I hope, for Apple's sake, they can nip this in the bud and figure out where the Mac lineup is going before too many developers switch back to other hardware. Otherwise some of the amazing software that does keep me somewhat locked in, like RadarScope Pro, Transmit, Sequel Pro, nvAlt, TweetBot, and the Adobe CC apps will likely falter, and that would be the tipping point for me.
Aside: I spend 95% of my day working in a Terminal or in a browser building giant enterprise websites and other software. I'm mostly platform-agnostic (heck, I do most of my work inside VMs anyways), but the GUI apps I use for the other 5% of the day are highly optimized and will likely never be available on Linux. Therefore, I can't envision a future working in a Linux environment for my day-to-day workstation (at least, as long as macOS maintains its mostly-POSIX-compatible nature).
Odds and ends
There are a few other things I've learned after a few weeks' use of both models of laptop, which you might want to consider if you're buying a new Pro:
- No more Magsafe: One minor disappointment (but a necessary one) is the removal of a Magsafe charging port in favor of charging via USB-C/Thunderbolt. In some ways, this is more convenient—more manufacturers make hubs with pass-through charging, and you can charge a MacBook Pro even with a weaker generic 30W USB-C charger—but there has never been a port as much a joy to use as Magsafe.

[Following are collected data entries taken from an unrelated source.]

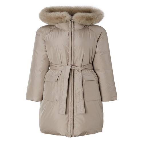질스튜어트 뉴욕 여성 PREMIUM 베이지 탈부착 폭스퍼 후드 카라 구스다운 롱패딩 점퍼 (JSJU5D200I3)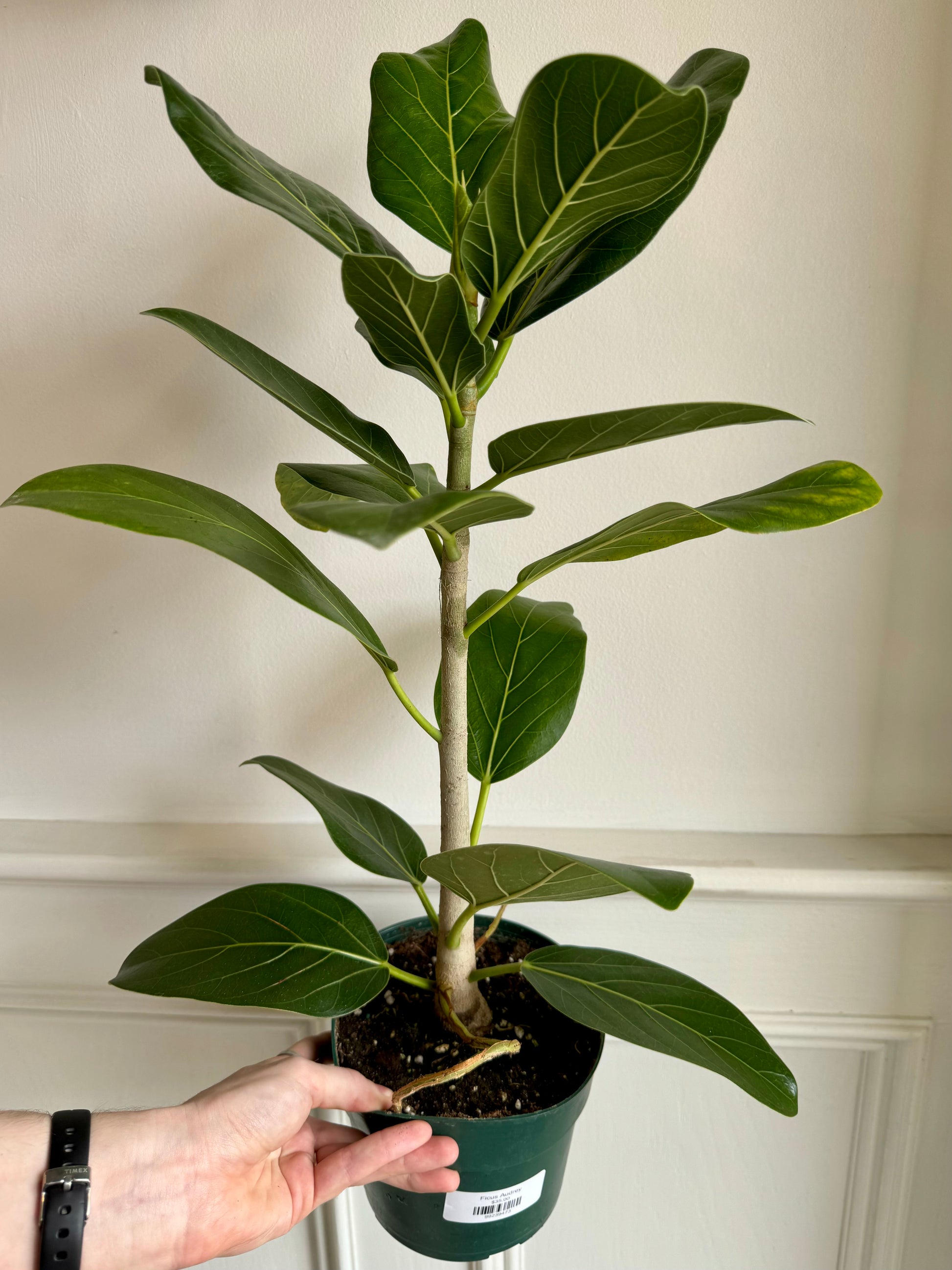 Appearance: Ficus Audrey is characterized by its large, oval-shaped leaves that can grow up to several inches long. The leaves have a glossy texture and are typically a vibrant green color. Unlike its close relative, the Ficus lyrata (Fiddle Leaf Fig), Ficus Audrey's leaves are smoother and less prone to splitting or browning at the edges.Growth Habit: Ficus Audrey has a relatively upright and compact growth habit compared to other ficus varieties. It can grow to be a medium to large-sized tree when planted outdoors in its native habitat, but when grown indoors as a houseplant, it typically maintains a more manageable size.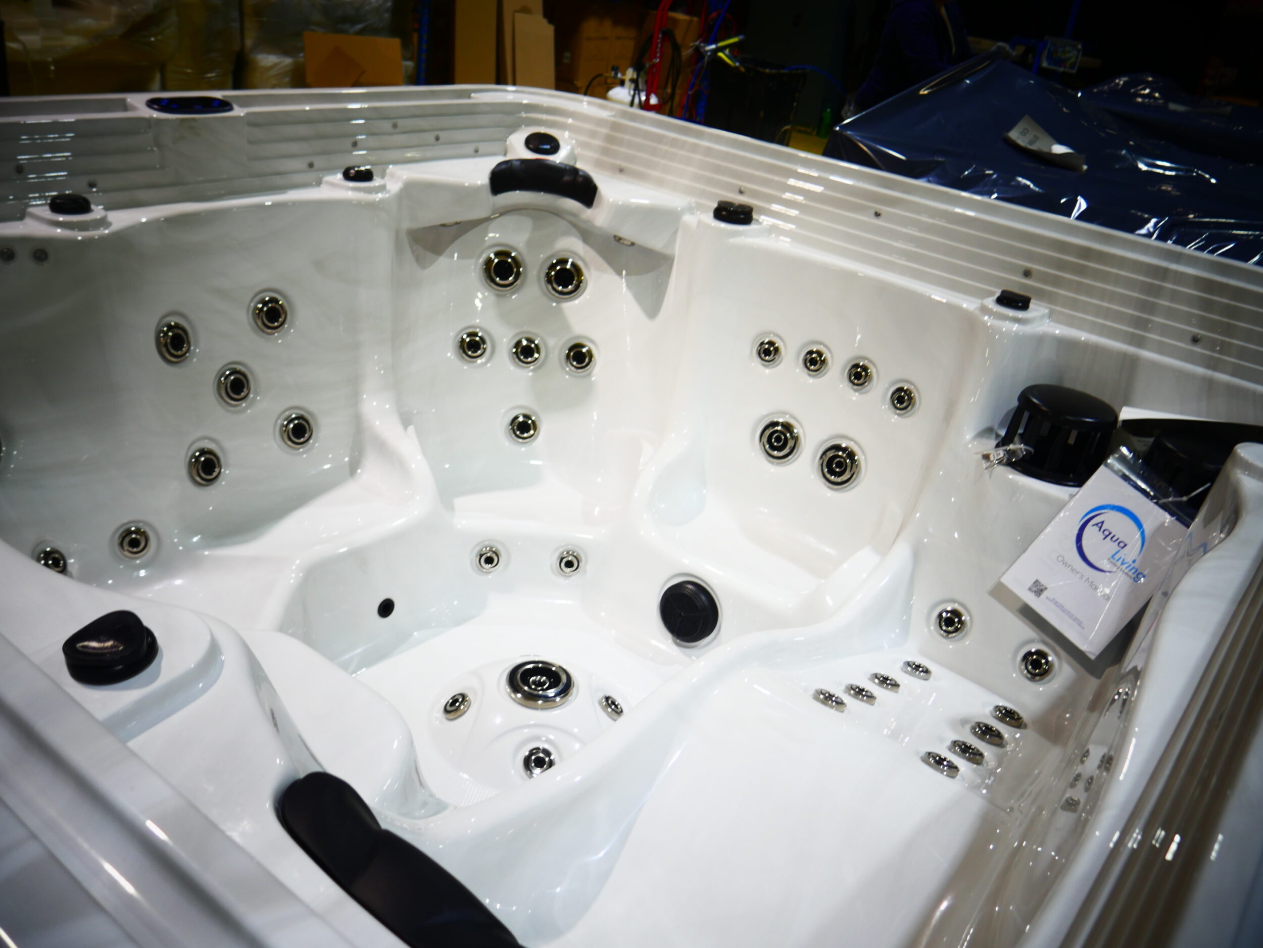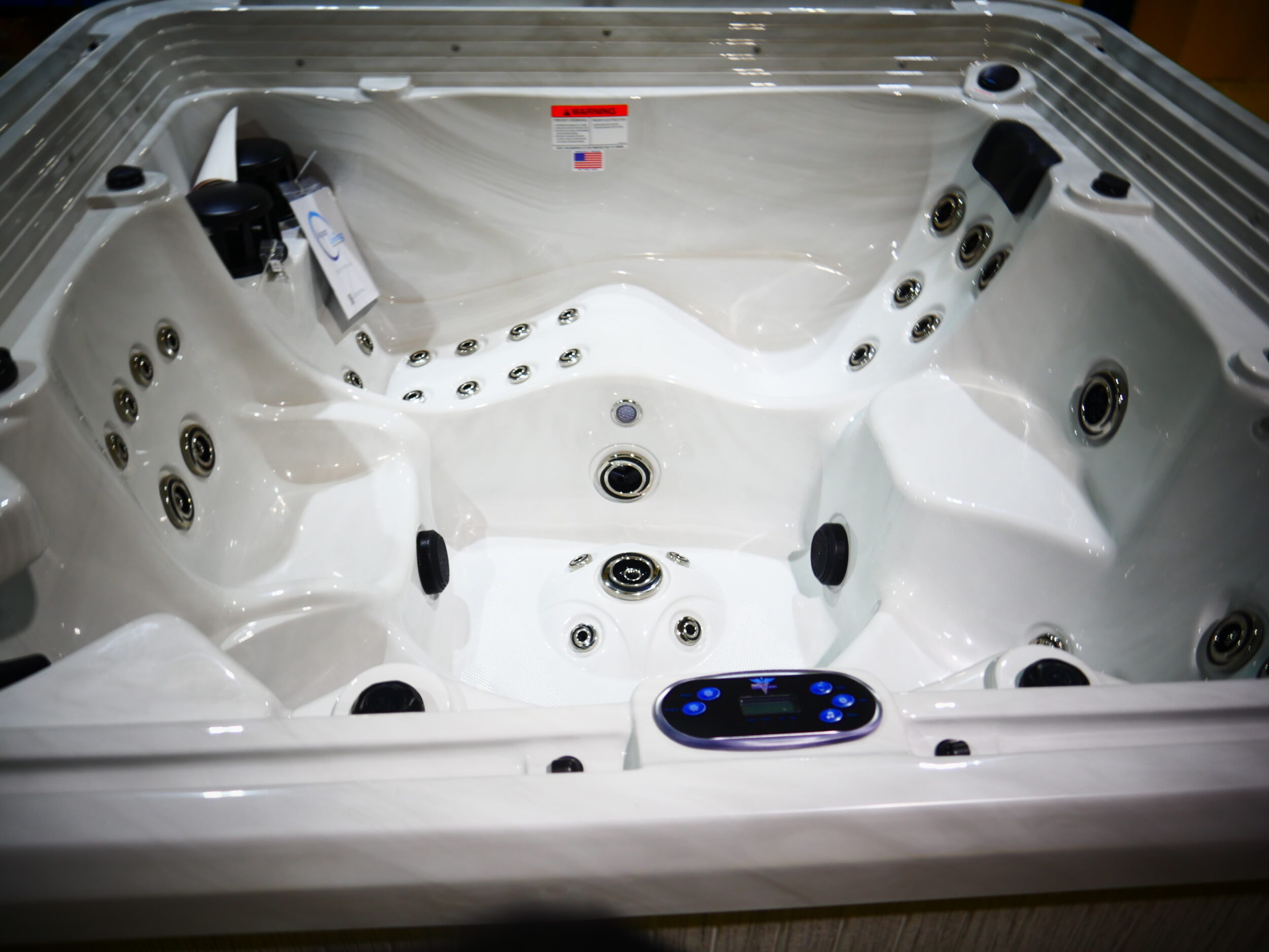 Seats: 6 Jets: 56 Therapy Jets Pumps: (1)6 BHP EE 2-Speed Pump & (1) 6 BHP 1-Speed Pump Electrical: Hardwired 220V 50Amp Dimensions: 93"x93"x40" Gallons: 320 Weight: 1000 lbs. Comments: This unit has some minor acrylic imperfections. SKU: AQL-20000-2-2-CIR-U-WI-SW Serial Number: 217692rb

- Speakers: The speakers are a mixed bag. And yet another thing different between the models. On the Touch Bar Pro, the speakers deflect more sound down, so on solid surfaces, they sound full and loud. On a lap, not quite as much, but they're still pretty good. On the Function Key Pro, the speakers project up through the grill, so they provide more consistent sound, but lack some of the depth I heard from the Touch Bar model.
- Touch Bar is annoying: I just have to put in another jab. I hate this thing. I remember many occasions where I would be typing and something weird would happen because my finger hovered near (but barely touched) a softkey on the Touch Bar. Also, the annoyance of seeing new things constantly happening inside the Touch Bar, but always delayed by ~200ms from when I did the action that caused the new display to appear. I just can't believe Apple decided to ship the thing in a 'Pro' laptop. Maybe it would work better as a neat gimmick in the 12" MacBook.
Conclusion
The 2016 MacBook Pro is a mixed bag. Many features (most shared between the two models) are huge improvements in the Pro lineup—like the SSD speed, size and weight, keyboard feel, and Thunderbolt 3/USB-C. Other features (like the Touch Bar) are worse than useless—they make the user experience worse.
I hope Apple realizes the blunder with the Touch Bar (and with the confusing lineup of laptops they currently sell) and either fix it or remove it entirely. I'd be happy if Apple only preserved the Touch ID/power key combo.